Self-validating: they should pass or fail automatically, without requiring human intervention to determine the outcome. This property is essential for enabling test automation.

In the distinct contexts of TDD and retrofitting tests in legacy code, the same FIRS properties fulfill different roles, guiding us in designing testable units in the former and uncovering testability problems in the latter^[2].

When retrofitting tests in legacy code, violations of FIRS properties highlight dependencies that impede testing, referred to as awkward collaborations^[3]. These awkward collaborations point to the dependencies we need to break using dependency-breaking techniques^[4] to enable the introduction of unit tests.

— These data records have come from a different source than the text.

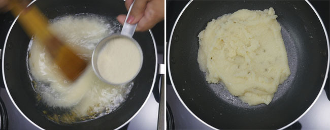 Once the water starts boiling, add 1/2 cup semolina. You can use any type of semolina. Pour and mix the semolina simultaneously to avoid the formation of the lumps. Keep the flame low and cook the semolina while stirring continuously.
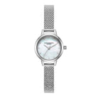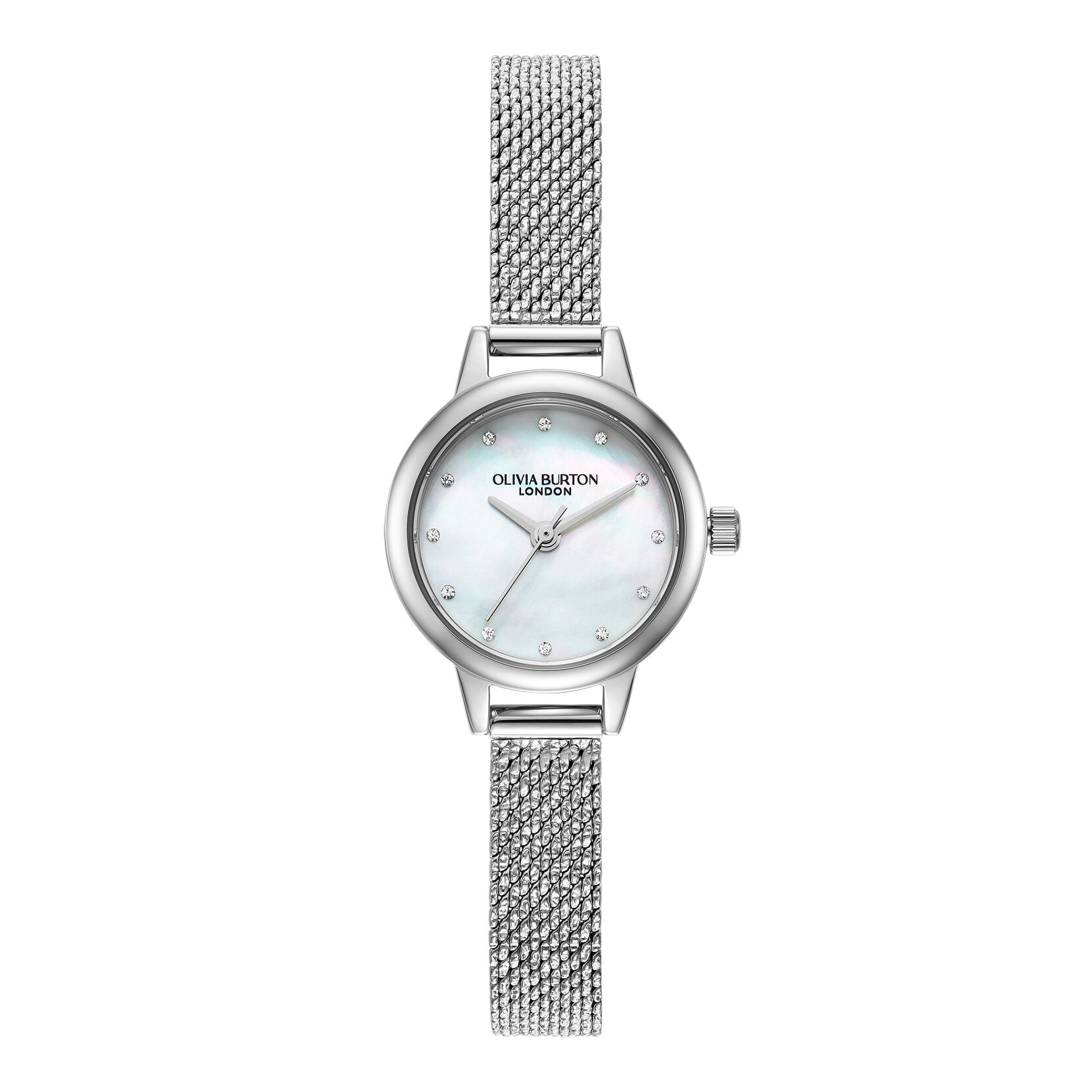 This mini dial watch is the perfect way to elevate your everyday look. Its small but striking design features an iridescent Mother of Pearl dial with crystal markers and a chic silver-tone case. The contemporary mesh strap adds a touch of sophistication. Stay classic and on-trend with Olivia Burton.
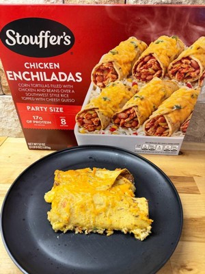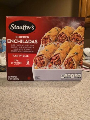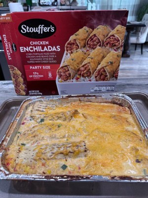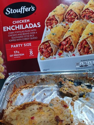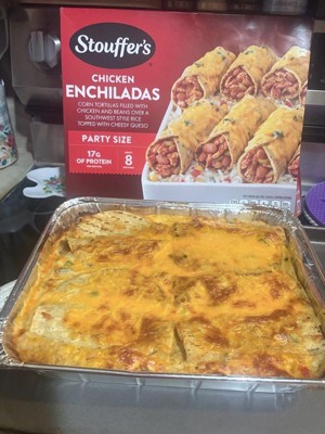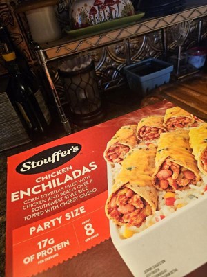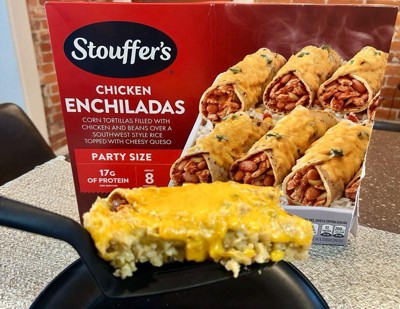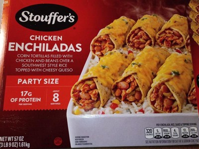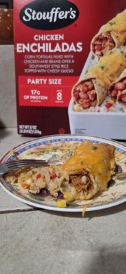 [This review was collected as part of a promotion.] The Stouffers Chicken Enchiladas are really tasty. The party size comes with 8 enchiladas made with corn tortillas filled with chicken and beans over a bed of southwest flavored rice with corn and souces and topped with cheese. Each enchilada is 320 calories with 17 grams of protein. All you have to do is just put in your oven and bake it and it comes out really nice warm and delicious with melted cheese on the top.
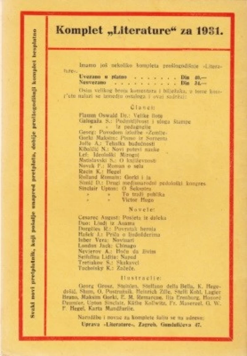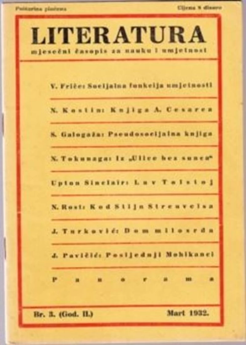 Literatura - mjesečni časopisa za sva kulturna pitanja. Urednik Stevan Galogaža. Vlasnici i izdavači Alfred Neufeld i Stevan Galogaža. Godina 1932. Friče, Kostin, Galogaža, Tokunaga, Upton Sinclair, Rost, Turković, Josip Pavičić. Stanje - odlično
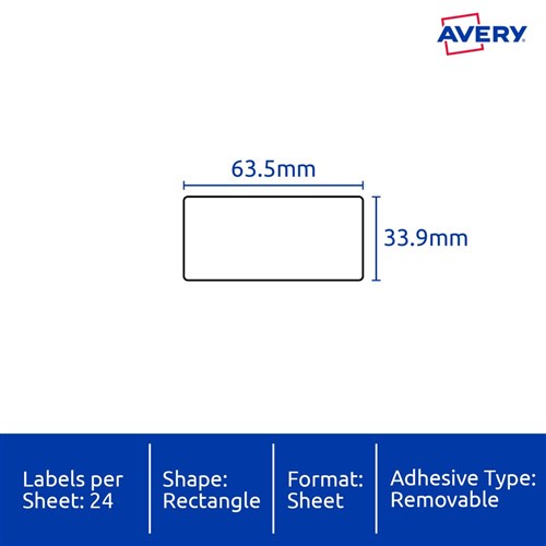 Size: 63.5x33.9mm 480 labels, 20 sheets. 24 labels per sheet (24UP).
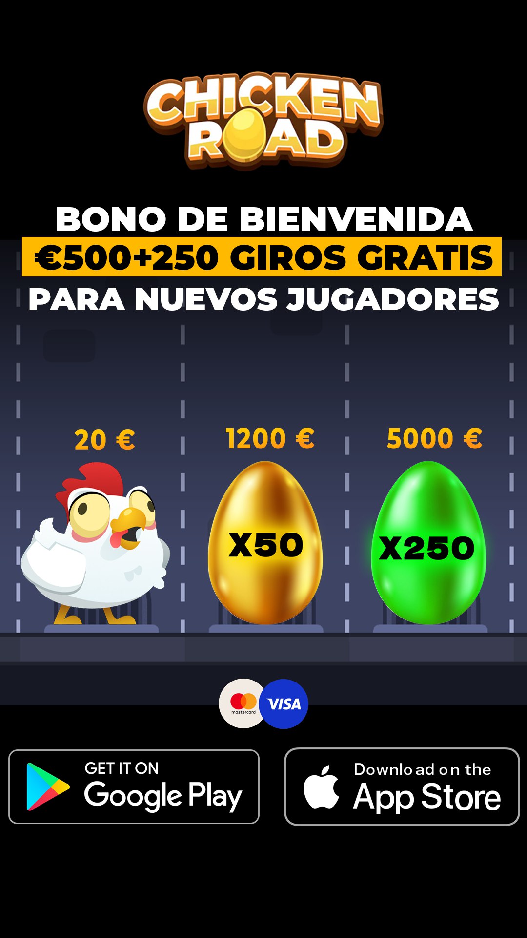Статичное рекламное изображение для мобильной игры Chicken Road. Показан логотип игры с яйцом, крупный заголовок о бонусе и три колонки с разными суммами депозитов и соответствующими количествами бесплатных вращений. Внизу логотипы платежных систем и кнопки скачивания из App Store и Google Play.
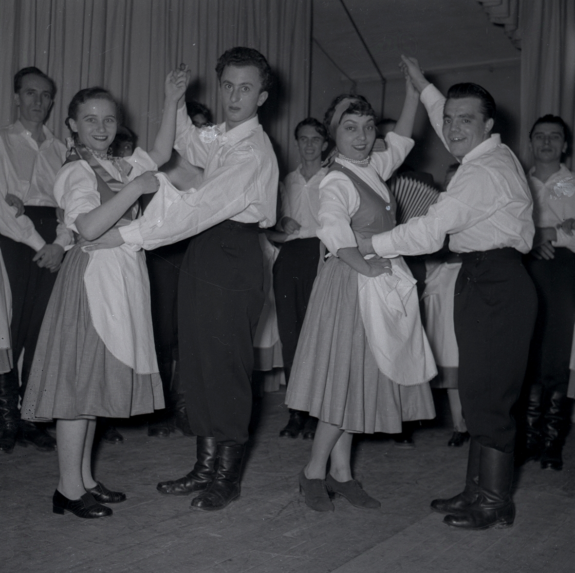 Bild tagen i samband med att flyktingar ifrån Ungern kom 1956. Män och kvinnor som dansar. Kvinnorna dansar i traditionella romska folkträkter i Godtemplargården hösten 56 - våren 57.
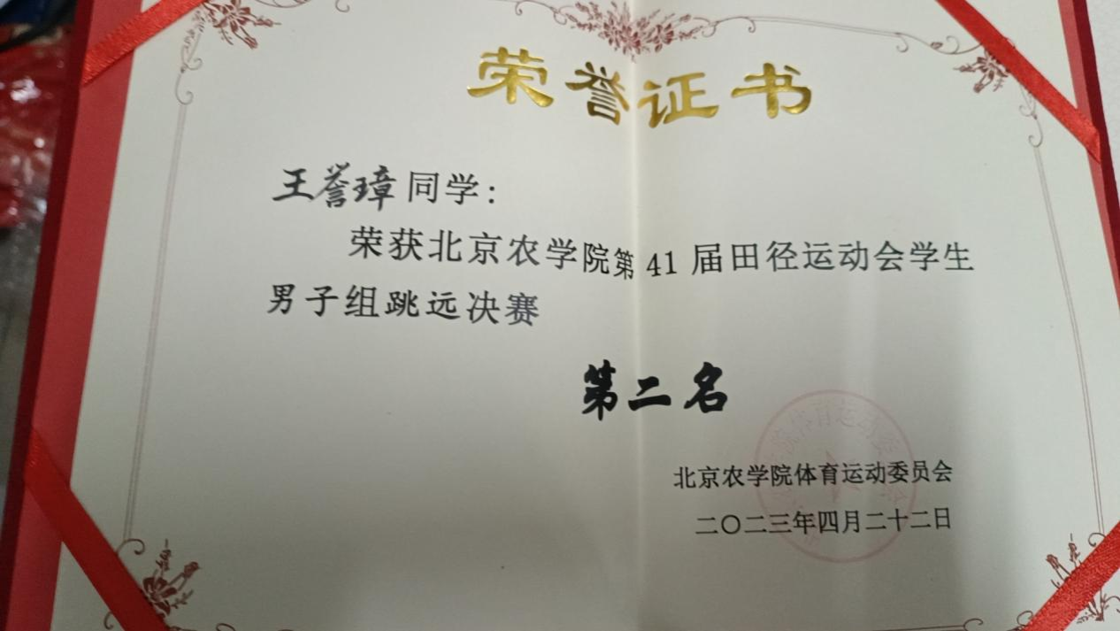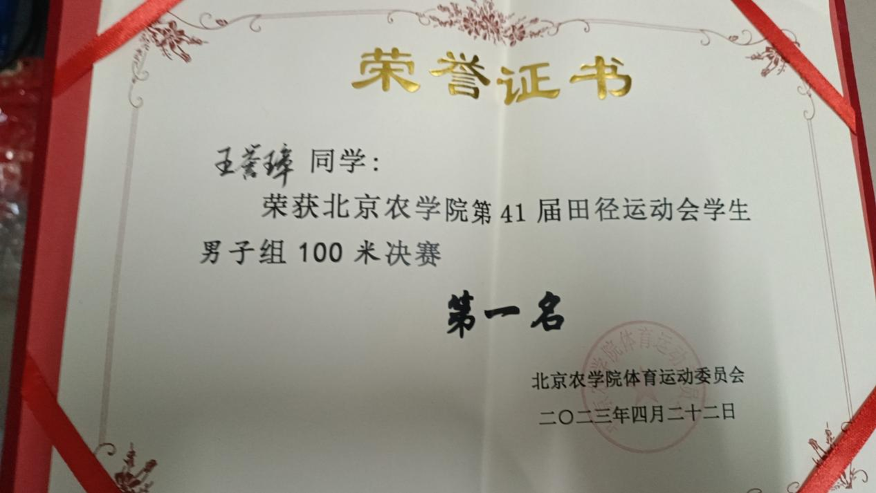 王誉璋是太阳成集团tyc151cc2021级园艺专业本科生,他在2024年太阳成集团tyc151cc第四十二届运动会获得男子100m项目冠军和铅球冠军。
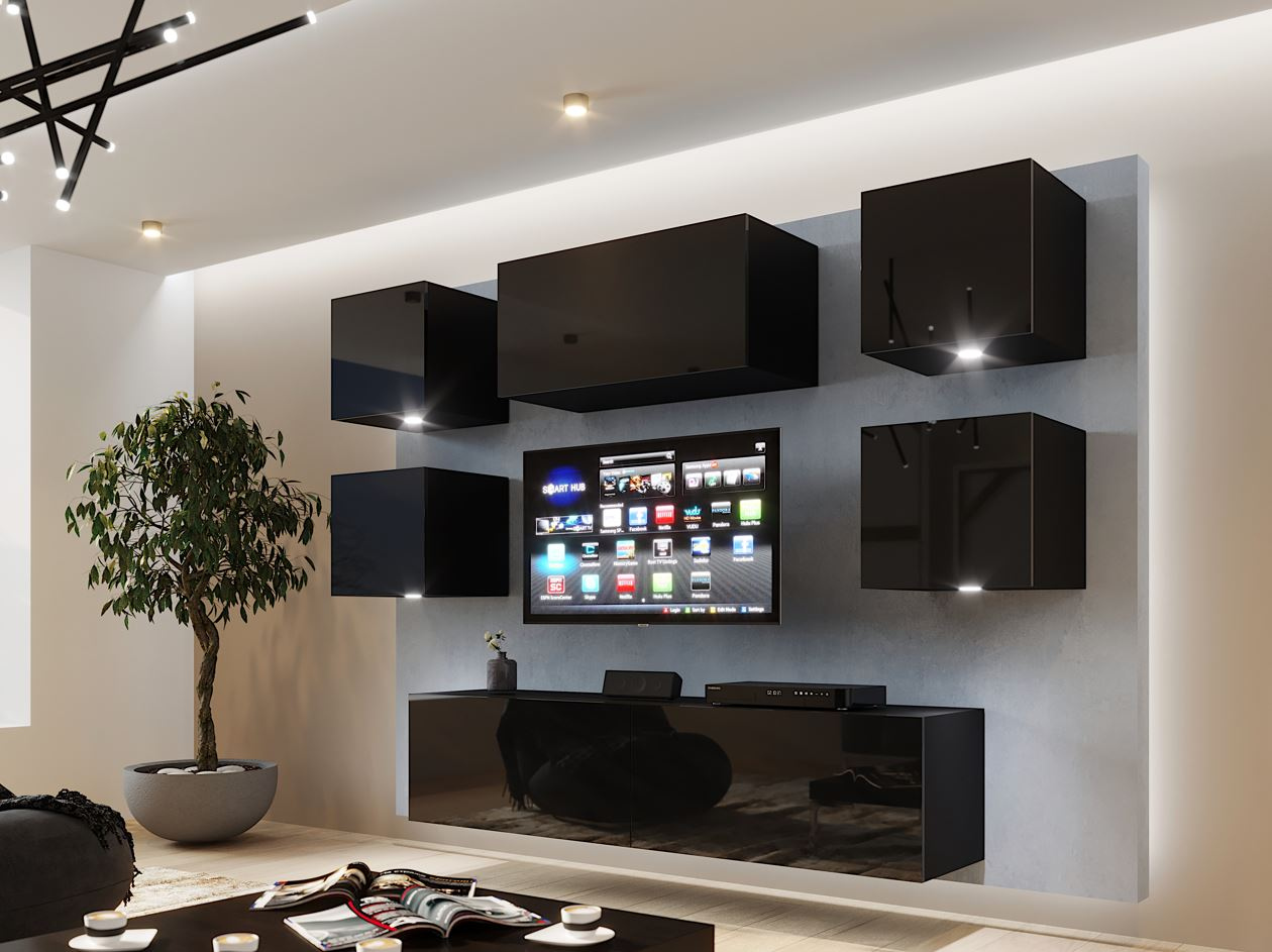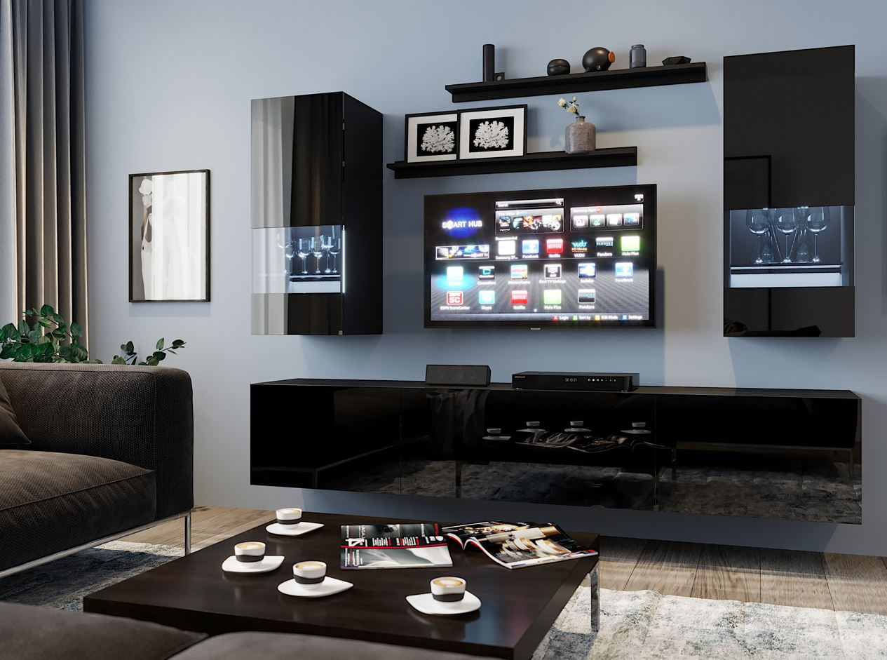 Obývací stěna s LED modrým osvětlením CHEMUNG 3 - černá / lesklá černá
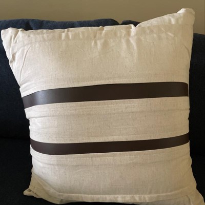 Classy and chic come together on this Rizzy Home Donny Osmond Ivory and Brown Leather Square Striped Throw Pillow, by combining the finest fabric made of 90 percent cotton and 10 percent leather. The pillow has two strips of authentic brown leather that are tucked into the pleats and finished with a knife edge and hidden zipper. This will be a beautiful piece to add to your leather sofa or your favorite chair in the den.
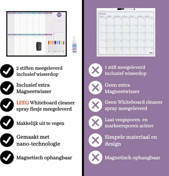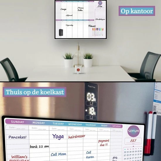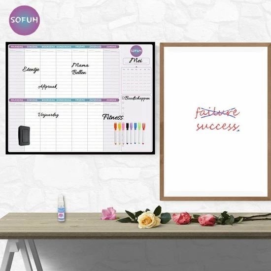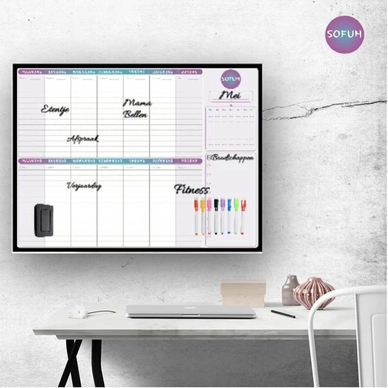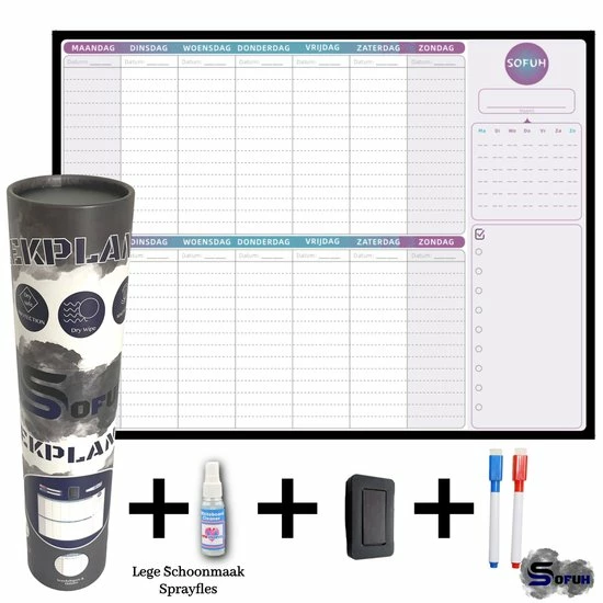 ✅ Alles in een pakket: Met de SOFUH® Weekplanner krijg je alles in huis. Je hebt dus geen omkijken meer naar allerlei extra’s die je normaal gesproken moet ‘bijbestellen’. Wij leveren standaard onze planners met een wisser, twee stiften en een lege whiteboard schoonmaak spray die je zelf kunt vullen met jouw gewenste schoonmaakmiddel.
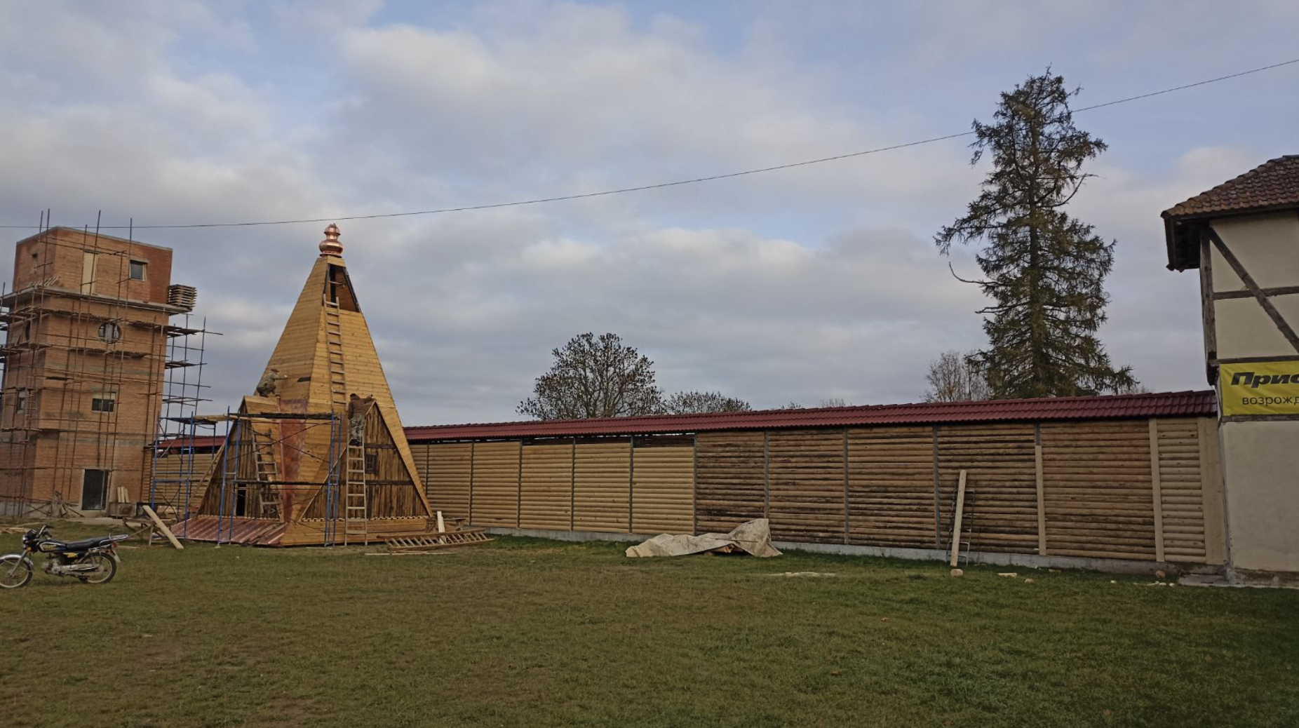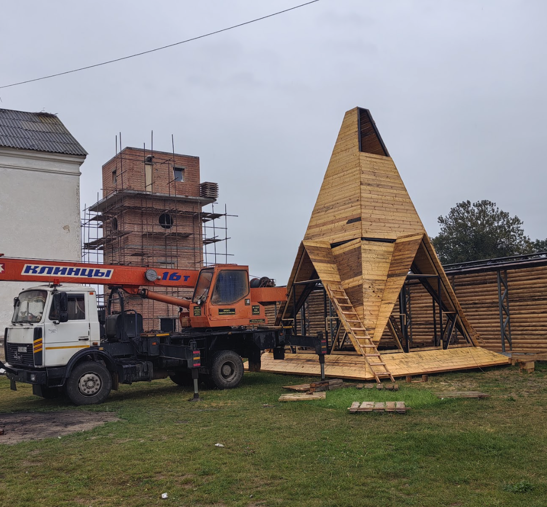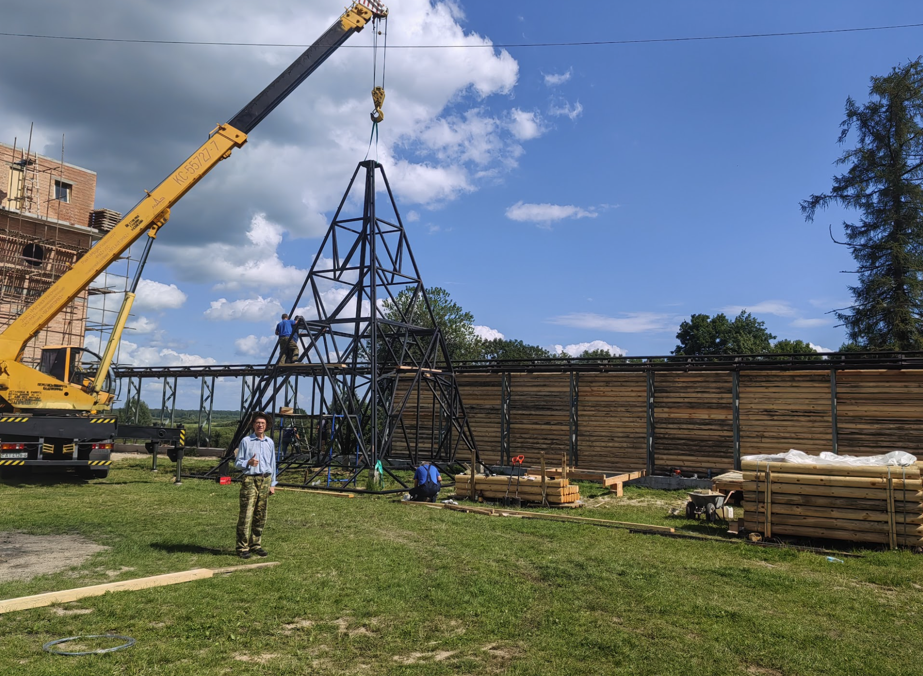 2022 г. Завершены облицовочные работы и сборка купола,  выполнен контрольный подъем, в сборе вес купола 5 тонн.

In the case of integration tests, it is sufficient to focus on violations of the Isolated, Repeatable and Self-validating properties. Dependencies that violate the Repeatable and Self-validating properties require dependency-breaking techniques to address them, whereas violations of the Isolated property can often be alternatively resolved through other approaches, such as test-specific fixtures or configuration changes.

In the context of TDD, violations of the FIRS properties are a key heuristic to identify the collaborations that we need to push outside the unit under test. These awkward collaborations will be simulated with test doubles in our unit tests.

Notice that, when doing TDD, identifying awkward collaborations is more challenging because we must infer them from the requirements. In contrast, in legacy code, we can identify them more easily since they are visible in the code and manifest through the testability problems they cause.

Identifying awkward collaborations is, therefore, an important skill for designing testable code. In this sense, FIRS properties serve as a valuable guideline for defining the boundaries of a unit, helping ensure testable code.

It seems “isolated test” means something very different to different people!

Isolated. You keep using that word. I do not think it means what you think it means.

If you read the original definition of isolated from Agile in a Flash: F.I.R.S.T. you will notice that it is different from what we expressed in the previous section.

We said that for us isolated meant that “the test should produce the same results regardless of the order in which they are executed. This means they do not depend on one another in any way, whether directly or indirectly”.

In the definition of isolated from Agile in a Flash: F.I.R.S.T., the flash card states:

“Isolated: Failure reasons become obvious.”

Later, in the explanation, they elaborate on what this means (the emphasis in bold was added by us):

Isolated: Tests isolate failures. A developer should never have to reverse-engineer tests or the code being tested to know what went wrong. Each test class name and test method name with the text of the assertion should state exactly what is wrong and where. If a test does not isolate failures, it is best to replace that test with smaller, more-specific tests.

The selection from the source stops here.